I don’t understand the difference, because being an au­thentic creator means being an adventurer. Creation and adventure, at least in literature and art, are almost syn­onyms. Europe is an unfinished project, which is good for now. Only totalitarian projects are ‘finished,’ petrified and predictable. Our modern times, as Zygmunt Bauman teaches us, are unpredictable and fearful. I have my fears too: too many people in today’s Europe are jobless, poor, frightened, depraved and worried about how they are going to feed their children and themselves. That’s why any relevant talk about today’s Europe should start from that fact.

Imagine you are about to rewrite the myth of Europa

changing its pattern of social relationships. What would your

version look like?

Instead of answering your question, I’ll tell you a story, which might be just a small a part of my possible answer. In the year 2000 I traveled through Europe by train, to­gether with a hundred European writers. It was a unique journey. On our way we stopped in Brussels, and we got invited to the EU headquarters, to meet the EU cultural representatives. A person, a cultural representative of the EU, welcomed us on behalf of the EU cultural bureaucracy, pronounced a few words and disappeared. However, this was not the end of our formal visit. We were given pencils and a piece of paper, and were kindly asked to address a few 'wishes’ to the ‘mysterious’ cultural representatives of the EU. We did our ‘homework.’ Then the organizer collected our ‘wishes’ and put them in a box. Two or three state­ ments were randomly picked up from the box and read aloud. Statements were honest and constructive. In the administrative heart of Europe there was nobody to listen to those statements, except us. This episode was for many of us the most ironic moment of our wonderful European journey. It was also a sort of regression therapy; we traveled to Brussels to tell our wishes to the Wonderful Wizard of Oz. My answer to your question might be there (I imagine so), in the EU headquarters in Brussels, in some archive, in some dusty box, among hundreds of letters written by my European fellow-writers…

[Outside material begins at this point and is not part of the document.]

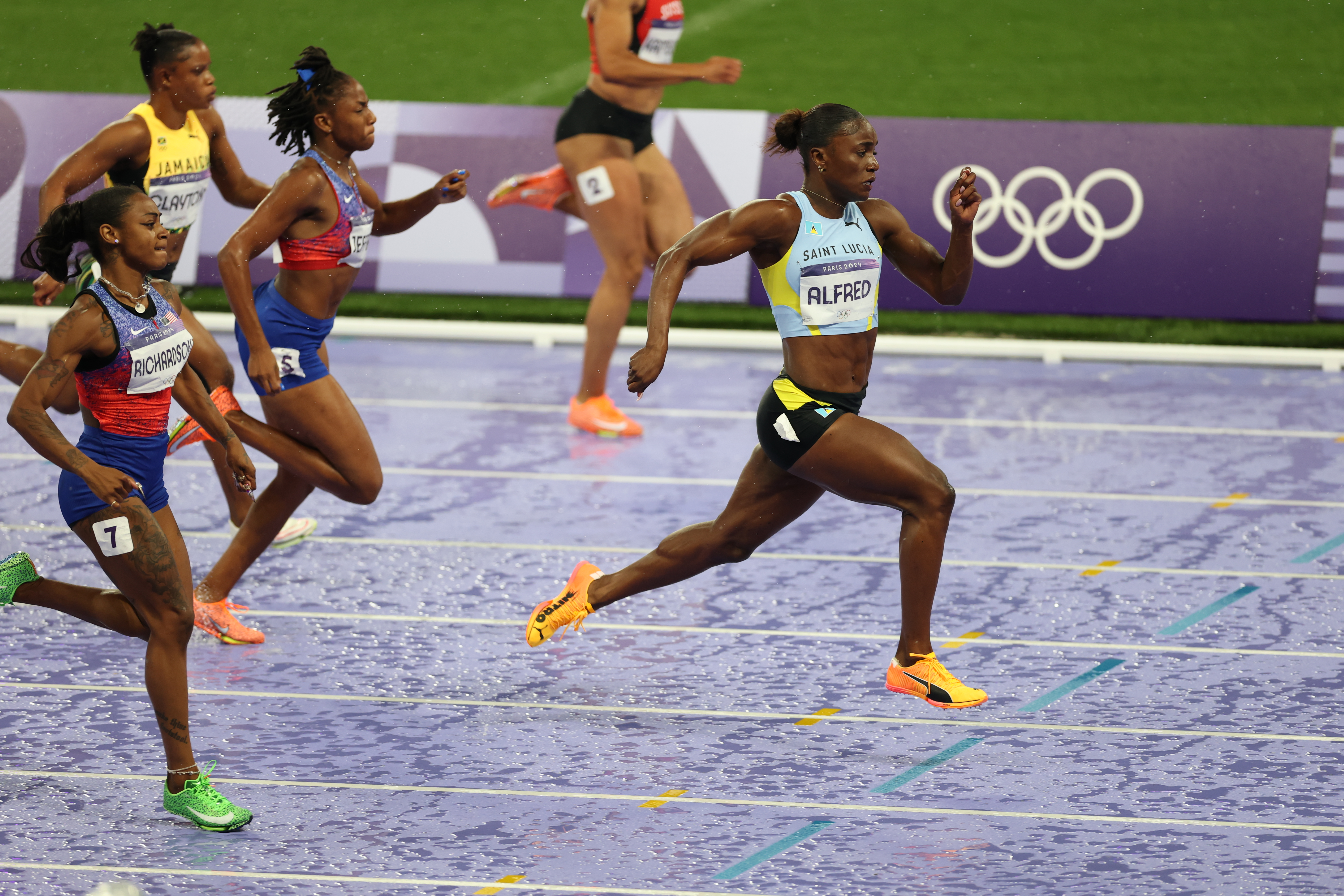 当地时间8月3日,在巴黎奥运会田径女子100米决赛中,圣卢西亚选手阿尔弗雷德以10秒72的成绩夺冠。中新社

Dubravka Ugrešić (1949), croatian writer and essayist. she is the author of several novels, short story collections and essays. her books-“baba yaga laid an Egg," “nobody’s home," “The ministry of pain," “lend me your character," “Thank you for not reading," “The museum of unconditional surrender," “The culture of lies," “have a nice day," “in the jaws of life and other stories," “fording the stream of consciousness"-have been translated into many European languages and got several international literary awards. her latest book of essays “karaoke culture" will appear in English language later this year. dubravka ugrešić lives as a freelance writer. she is based in amsterdam.